La malinconia sola riesce a far comprendere cosa sia l’assenza di un sorriso, non esiste giorno senza la comprensione del buio, non v’è limite all’incertezza del vivere dato come massima espressione dell’incognito. Il cuore, quale sentimento, battito, vita, rosso passione e desiderio; ogni morte è prodotta dal mancato pulsare del nostro arto: senza cuore, non siamo.

The Fall of Hearts”: Fall è traducibile come caduta, autunno, diminuzione o abbassamento.

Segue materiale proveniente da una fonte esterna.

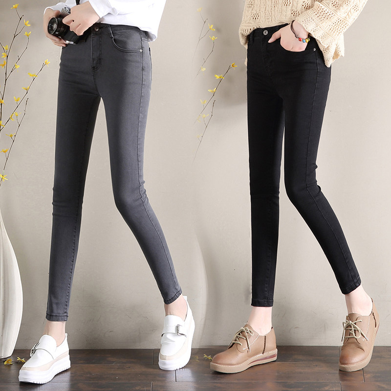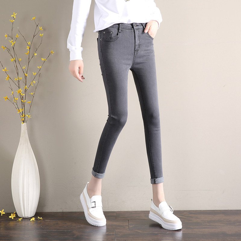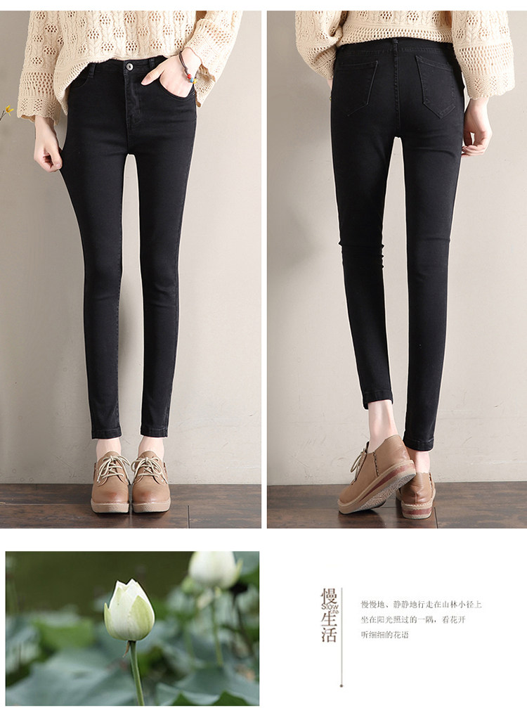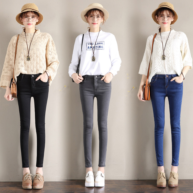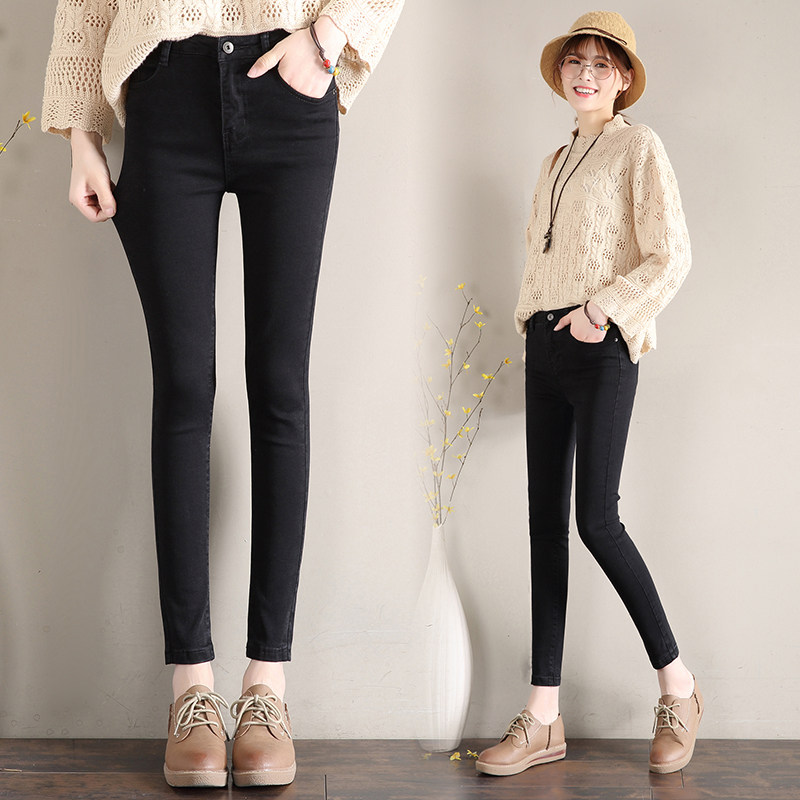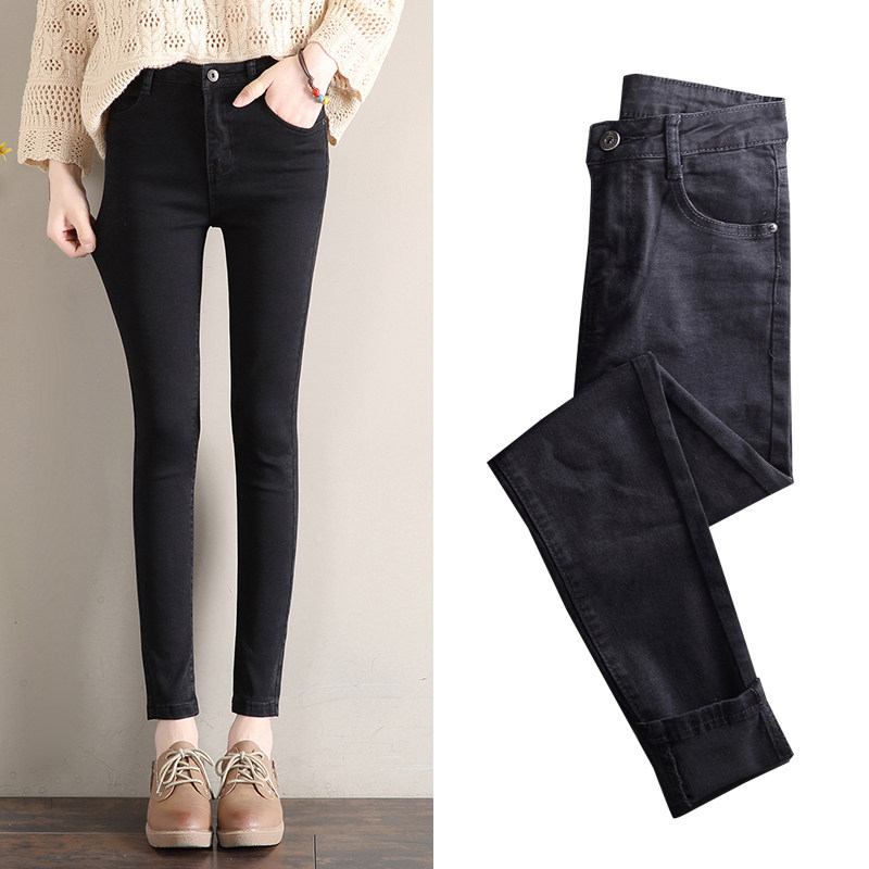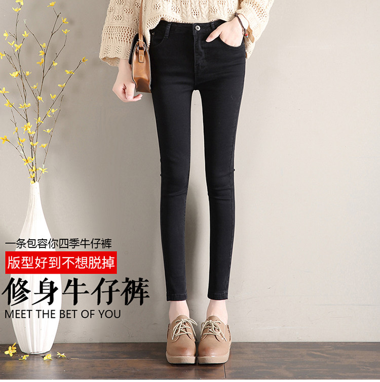 RY1990#女春秋弹力新款韩版显瘦黑色高腰学生紧身小脚九分裤潮

Molteplici significati che portano ad una sola conclusione: non ci sono più sentimenti; come l’onnipresente uccello, quale simbolo di libertà incondizionata del gruppo, in procinto di schiantarsi al suolo, non vi sono più ragioni per avvicinarsi al prossimo, non esistono emozioni. L’autunno del cuore è pregno di foschia, come le nostre vite quotidiane che costantemente dimentichiamo di vivere; sempre più concentrati sugli altri, si compiono gesti per mostrarli e non più per il gusto della scoperta. Siamo un poster promozionale da ammirare che evita di farsi strappare per celare cosa sotto si nasconde; a pochi metri da terra non ci siamo ancora resi conto che lo schianto è ad un palmo dal nostro naso, proprio come la copertina, mentre l’albero spoglio ci ricorda che non crescono più frutti sui nostri rami.

tuuududu tudududu…(ammettilo che la stai cantando)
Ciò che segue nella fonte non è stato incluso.